Compared with biopsy after exposing deep layers, deep tissue biopsy using EUS-FNA allows for needle insertion after the confirmation of gastric thickening and local blood vessels, which markedly reduces the risk of bleeding and perforation. Therefore, this approach is a relatively noninvasive and effective method for tissue collection. In addition, in patients with small amounts of ascites fluid and in those with lymphadenopathy, EUS-FNA is an effective method for tumor staging. However, as advanced gastric LP presents as diffusely distributed cancer cells within fibrotic components, future studies should investigate the appropriate sites for needle insertion, the type and bore of the needle, and the number of strokes for obtaining the amount of tissue sample required for making a diagnosis.
Puncture needles used in EUS-FNA for making a histological diagnosis have been developed from cytological diagnostic tools. Making a cytological diagnosis alone is perceived to be insufficient by patients, and obtaining a sufficient amount of tissue sample to make a histological diagnosis by immunostaining and genetic screening has emerged as an important factor.
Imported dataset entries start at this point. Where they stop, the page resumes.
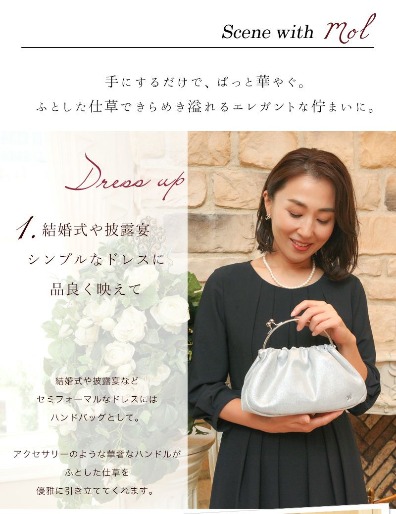 他の画像を見る 【傳濱野】人気シリーズから誕生!大切な人の門出にきらめきを添えるパーティーバッグ モル-シャインプラチナ 結婚式バッグ フォーマル 2way [formal] 販売価格 ¥ 39,600 税込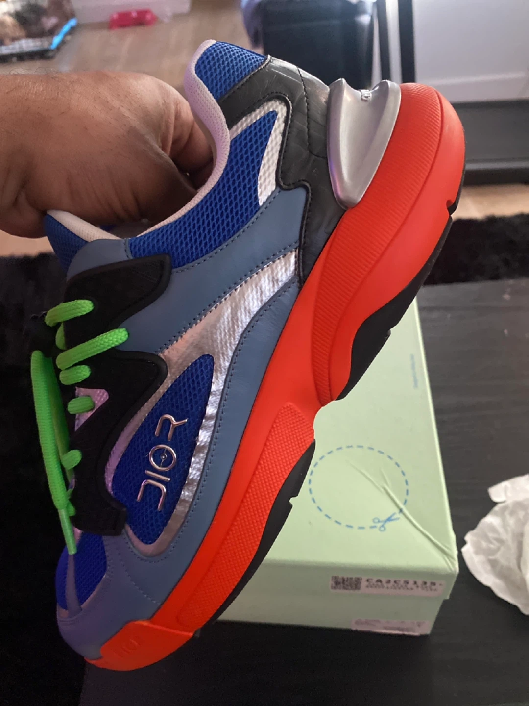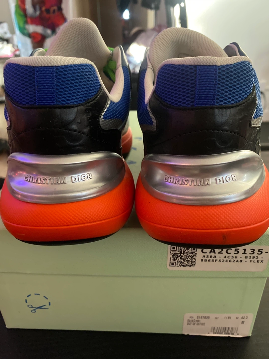 Selling a pair of Dior B30 sneakers in a striking blue and orange colorway! The shoes feature the iconic Dior logo and come with the original box. They are in great condition and ready for a new owner I only wore them three times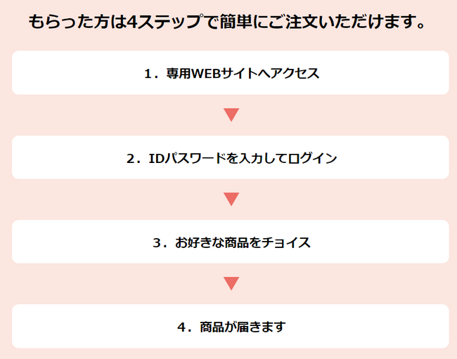 カード1枚だから、コンパクトで軽やか。贈られた方は専用サイトにアクセスし、お好きな商品をチョイス。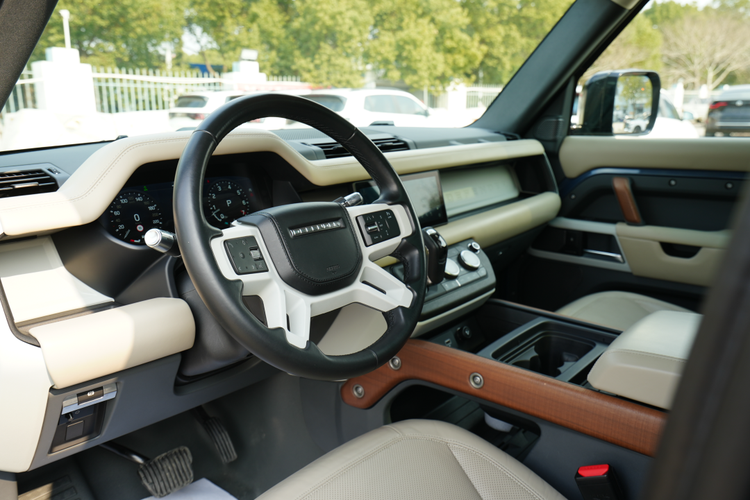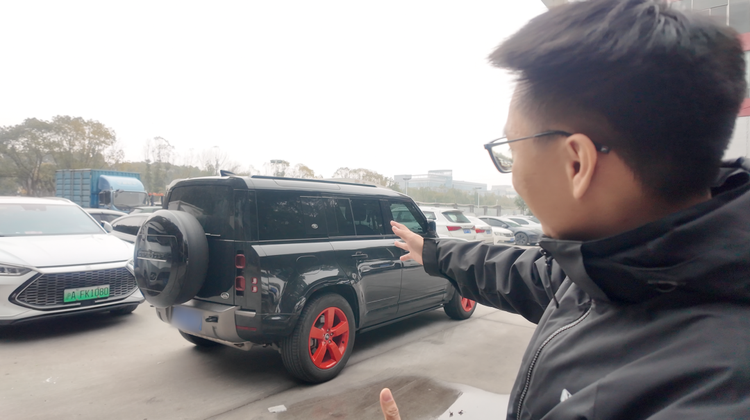 那正巧我们的客户最近下单淘了一台卫士,就是我身后这台。这台车是2021年上牌的卫士110HSE暗黑特别版!目前开了6.9万公里。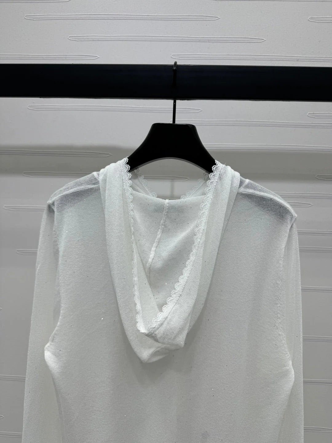 DIOR LACE-KNIT LONG-SLEEVE HOODIE WHITE 274970

Recently developed puncture needles have improved operability, even when large-bore needles, such as reverse-bevel side-port needles, Franseen needles, and 19 or 20 G needles, are used.[17–19] Further case studies are needed to assess the effectiveness of EUS-FNA for gastric LP and to determine the types of needle and puncture techniques, positive biopsy rates, and procedural accidents. We expect that EUS-FNA can be utilized as a relatively noninvasive, highly sensitive, and specific pathological diagnostic procedure for advanced gastric LP.
6.1 Informed consent
I explained to the patient to announce this case report and confirmed that I got consent.
We are grateful to all the clinicians involved in the management and treatment of the patients.